Tuesday August 02, 2011
ANNALS OF THE CULTURE WARS, SMURF EDITION. Okay, Kulturkampfers, what are you on about this time? Sesame Street? The Easter Parade? Law & Order: Criminal Intent? Nope -- communist Smurfs, apparently:
As Papa Smurf and friends re-enter the cultural atmosphere, there’s no dodging the question: Are the Smurfs now, or they have ever been … communist?...
“They have a dictatorlike leader, and they all have defined roles,” said Technorati.com editor Curtis Silver, who wrote about the psychology of the Smurfs for Wired magazine’s website. “When it comes to their day-to-day life, they’re like a Communistic group.”
Please don't tell them about the matriarchal syndicalist cell known as Snow White and the Seven Dwarfs.
Now, consider life in the Smurfs’ village: Residents live in identical mushroom houses. Everyone dresses alike. They sing the same group song, over and over. They have no apparent deity.
Washington Times reporter Patrick Hruby's 1,279-word (!) article is inspired in part by a pre-existing silly debate among French intellectuals, and he does include a few voices of sanity and a cheeky conclusion. Also it smells of ripe link-bait. So maybe it's meant as a mere bagatelle.
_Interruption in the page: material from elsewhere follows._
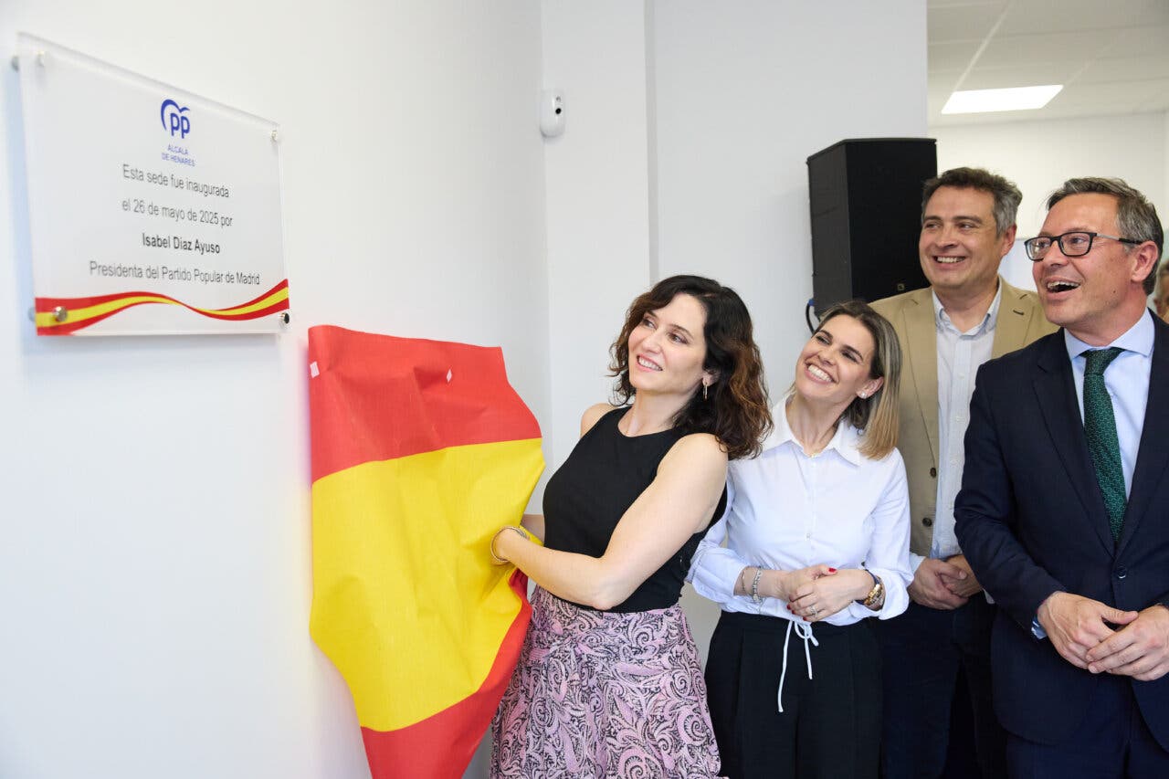 Ayuso inaugura la nueva sede del PP de Alcalá y firma el aval para la candidatura de Feijóo
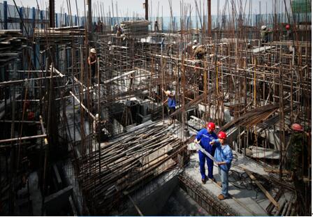 新華之星B區核心筒正在現場指揮的管理人員

But in the current conservative environment, even nonsense will serve to stuff the cannon. Nancy French at National Review:
Hollywood’s newest offering is a film version of the iconic 1980s television show, which ran for nine years on NBC. The little blue guys — and one girl! — are back.
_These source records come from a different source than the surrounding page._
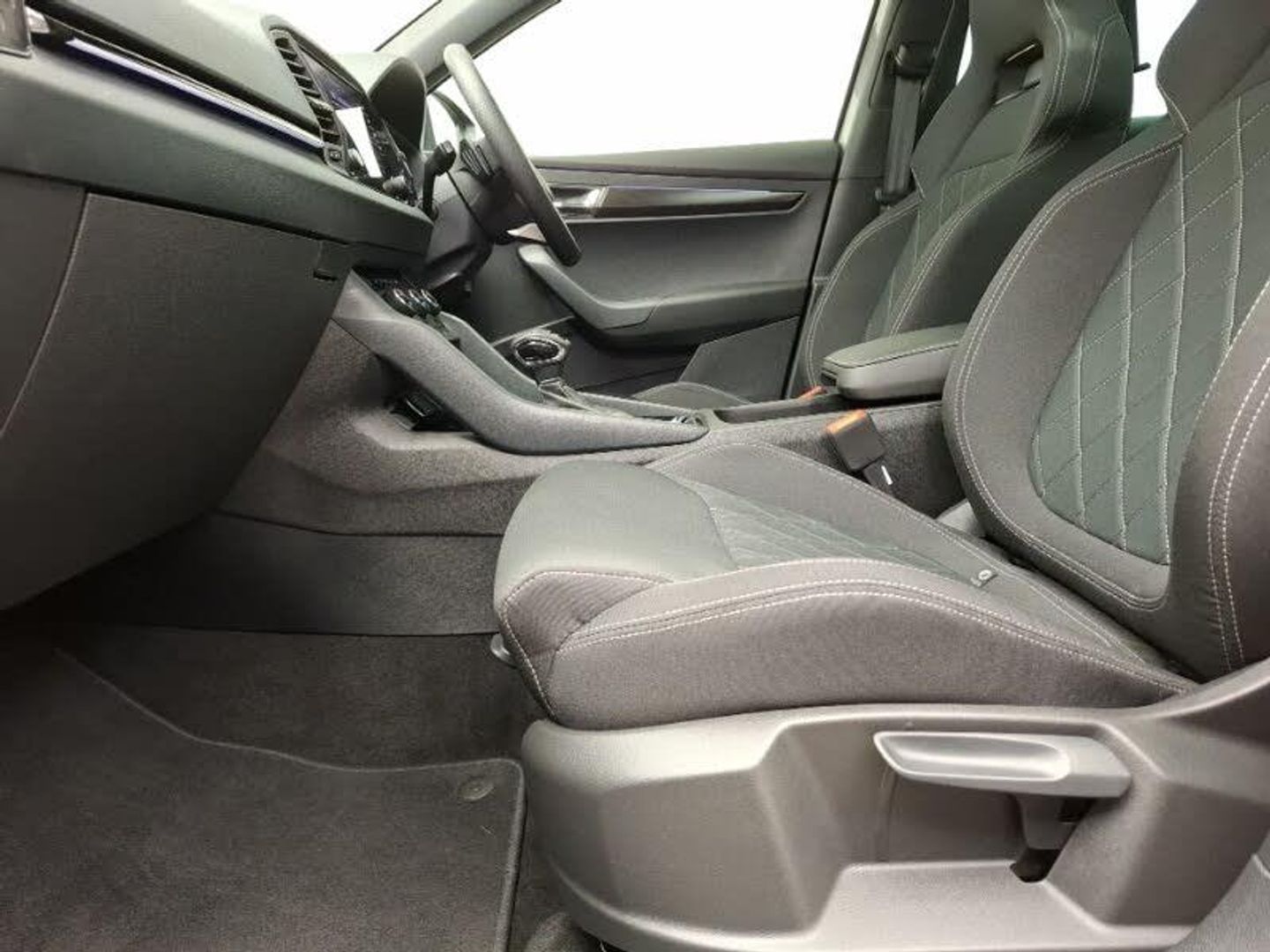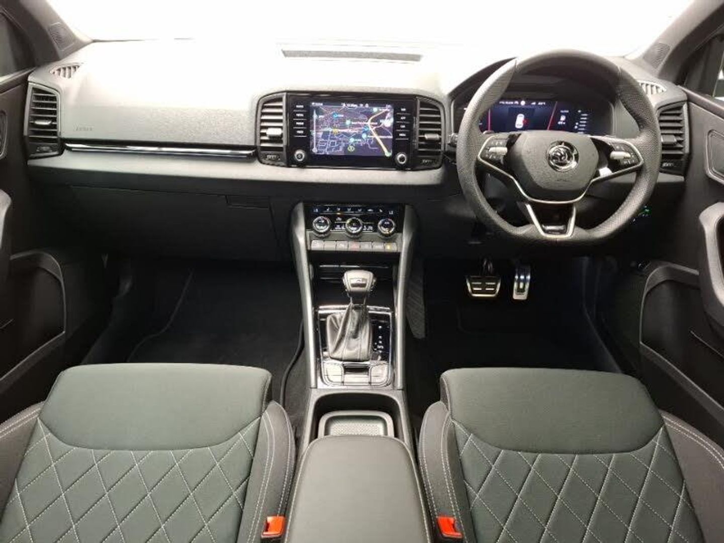 Android Auto, Apple CarPlay, Heated steering wheel, LED daytime running lights, 8" Digital display, Advanced driver attention and drowsiness monitor, SmartLink wireless for Apple and wired for Android, Virtual pedal with electrically operated boot door, Virtual Cockpit - 10.25" digital display, Wireless smartphone charging, Cruise control + speed limiter, LED daytime running lights, LED rear lights with high functionality welcome effect and dynamic indicators, Panoramic sliding sunroof, Privacy glass, Metallic paint, Isofix child seat preparation for front passenger seat, Dual zone climate control, Fabric sports seats with thermoflux and silver stitching, Light Pack - Karoq, LED Interior lighting pack with Skoda welcome logo - Karoq, 19" Sagittarius anthracite alloy wheels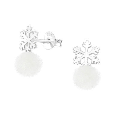 Snowflake - 925 Sterling Silver pom pom Ear Studs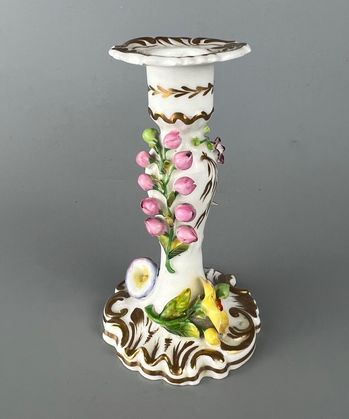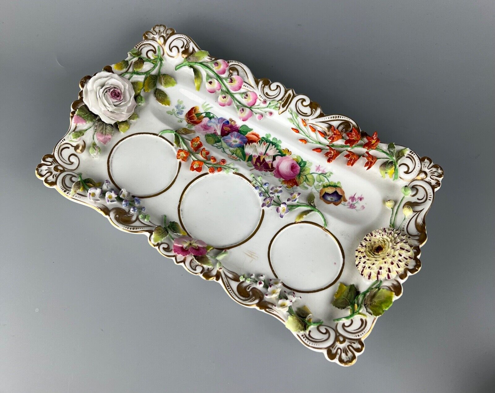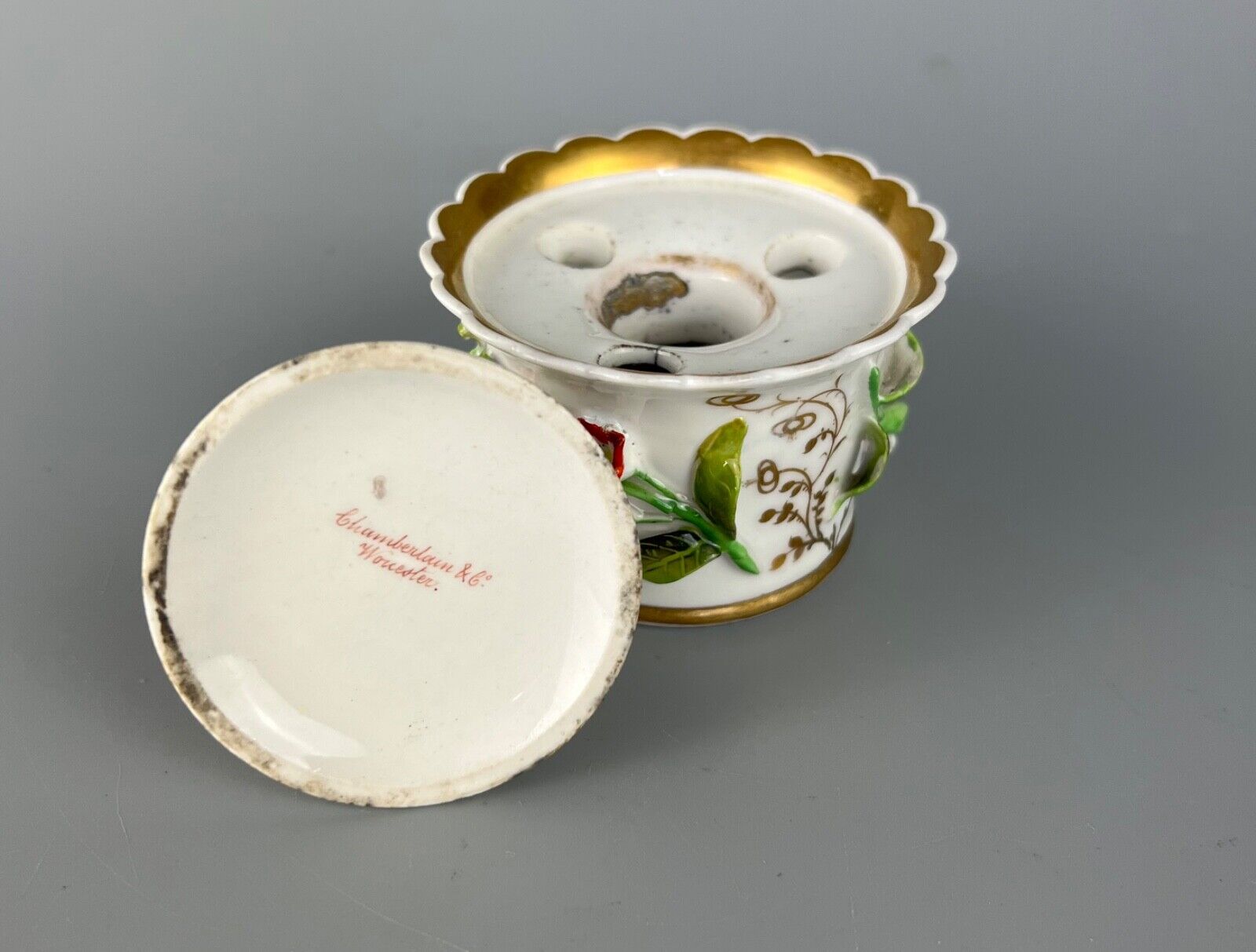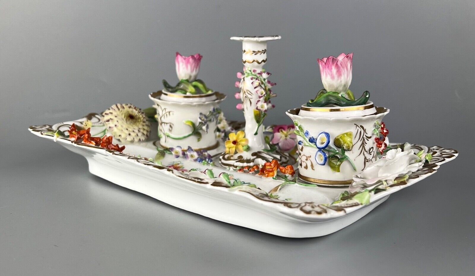 An elaborate porcelain inkstand, enriched with gilt, Coalbrookdale-style flowers, elaborately molded tulip-top inkwells, together with a free-standing, floral encrusted taperstick. Elaborately gilded, with finely painted floral sprays to the inkstand. Chamberlain marks on the base of the tray, tulip-top covers, and the underside of the taper stick.

And guess what? They are no longer Commu-Smurfs.
You didn’t have to be Joseph McCarthy to see the red undertones of the blue Smurf society...
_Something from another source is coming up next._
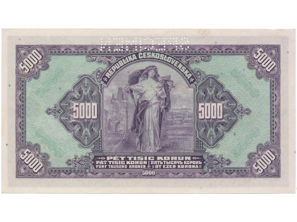 5000 Koruna 1920 (přetisk 1943), série C, SPECIMEN, Hej.N1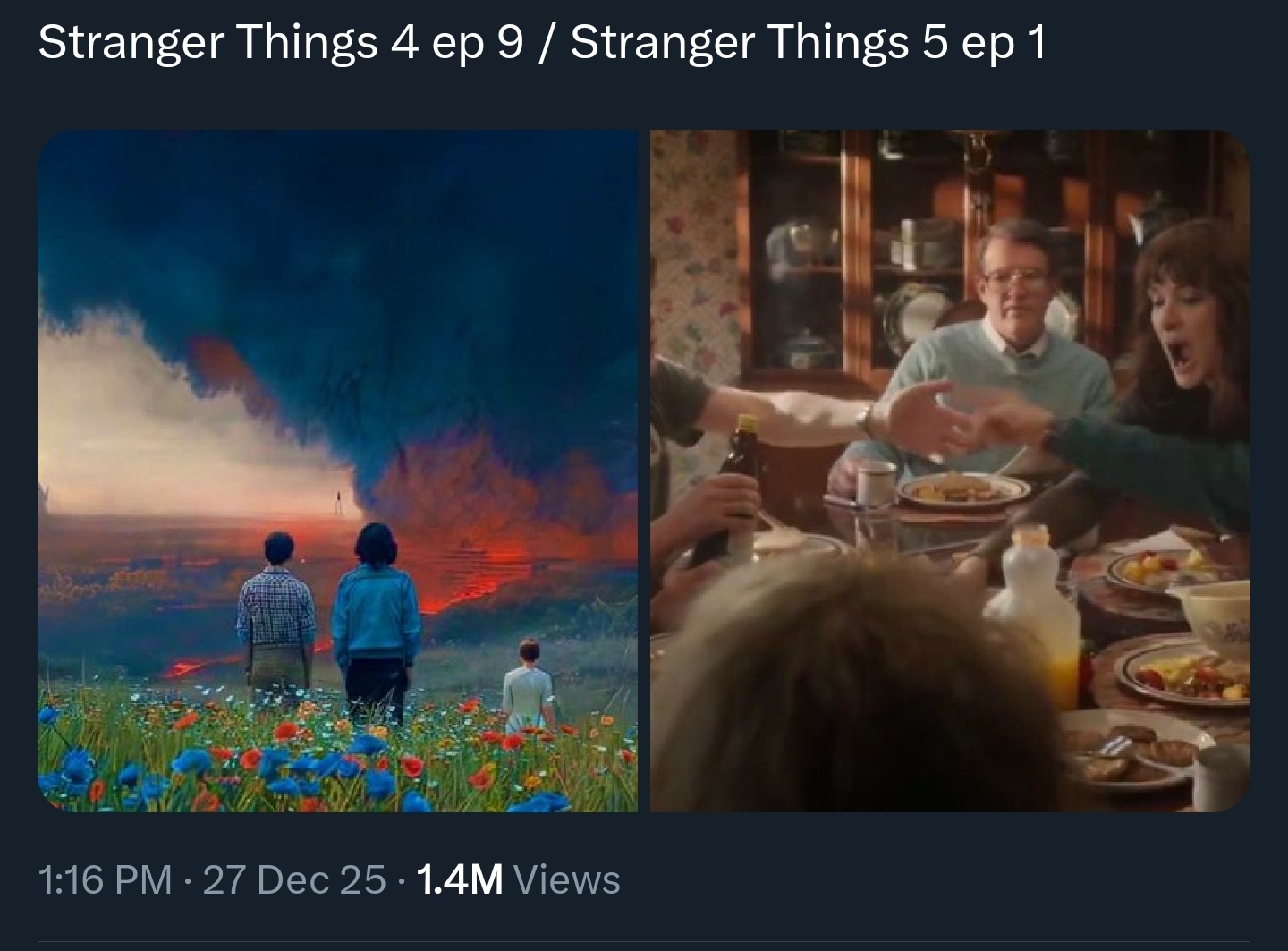 >>216954061>This is it!!! Theres no going back from the total destruction of Hawkins!!!! Everything has lead to this point! The final battle begins now! Leettttss fucking gooooooooooo!>Episode 1 of season 5 starts with everything literally returning back to normal and they just cover everything up with metal plates Aaahhhhhhhhhhhhhhhh

She goes on like that, observably tickled -- but, one realizes with horror, it's not the very idea than anyone would be crazy enough to take this guff seriously that tickles her; no, French seems genuinely pleased that the Smurfs have been reeducated: "If the 1980s cartoon was some hidden message about how communism beats capitalism each and every episode, then this movie’s philosophical shift is a very welcome change in deed."
(Consonant with French's previous deep thoughts on feminism, illegitimate children, and premarital sex, she also offers this: "Though it’s wonderful she expressed more of her personality, beware that the Katie Perry-voiced Smurf does utter the sentence, 'I kissed a Smurf and I liked it.'" Though cartoon communism has been purged, can we accept this implicit comfort with lesbianism as a trade-off? Find out in French's next column!)
John Hawkins at Right Wing News at first seems relatively sane on the subject:
In the Smurfs’ case, sure, they should probably have Smurfberry famines caused by Papa Smurf’s meddling and Smurfs locked up in prison for speaking out against the government, but since when have cartoons ever been accurate? All in all, the show has a good message, its been around forever, and there haven’t been any waves of kids basing their economic beliefs on the Smurfs, so I think parents are safe to let their kids watch.
But then it hits you: wait a minute -- we're actually having a conversation about whether or not the Smurfs' obvious communist content is acceptable for children. Just because the author decides that, on balance, it's okay (though I suppose some concerned parents will arrange a Very Special Talk with their astonished kids afterward) doesn't mean the premise isn't batshit.
As a middle-aged American I'm sadly accustomed to seeing the ridiculous turn into the acceptable, but the mainstreaming process seems to be going much faster now. I've known for a while that some people will believe anything, but I worry that events will force me to the conclusion that some folks have a vested interest not only in the specific lunacies they disseminate, but in the destruction of reason itself.
UPDATE. Comments are as usual choice, but o'ercrowned today by mortimer's: "Hayek warned about all this in The Road to Smurfdom."